The consequences of becoming non-complying are quite onerous.

Obviously, an SMSF will no longer be eligible to receive SG contributions (although there are ‘safe harbour’ provisions for employers affected by this situation) and will lose its tax concessional status (so that, for example, its income will be taxed at 45 per cent rather than 15 per cent).

Further though, our SMSF will, upon becoming non-complying, have to pay additional tax equal, in effect, to all of the tax concessions that it has received in the past.

This amount can be quite large for a fund that has been in operation for some time.

There is also the possibility that the ATO may impose interest charges and other penalties, depending on the nature of the contraventions that occurred.

One ‘non-consequence’ of being non-complying is that our SMSF is still regulated under the SIS Act and must comply with the requirements of that Act.

Room for improvement

Tracing our way through the legislative provisions above reveals a fairly convoluted and unnecessarily technical process for establishing an SMSF (when compared with establishing a company, for example).
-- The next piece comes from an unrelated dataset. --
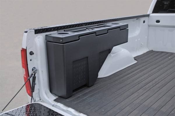 Dee Zee Tool Box - Wheel Well Box. Adds storage while leaving your bed open for hauling cargo. Constructed of strong lightweight plastic. Lockable lid. Fits 6 and 8 bed pickups.

Further, this article has not addressed the actual operating standards that regulate the activities of our SMSFs, and which create their own set of issues.

The Cooper Review recognised this issue, and recommended that the legislation covering SMSFs be included in a separate division of the SIS Act or even be given its own legislation.

With the long term decline in corporate funds, the superannuation industry is increasingly dividing between public offer funds and SMSFs.

The time might soon come when it makes sense to recognise an SMSF as a unique type of entity rather than just a small version of the generic superannuation fund.

David Court is a lawyer with Holley Nethercote commercial lawyers.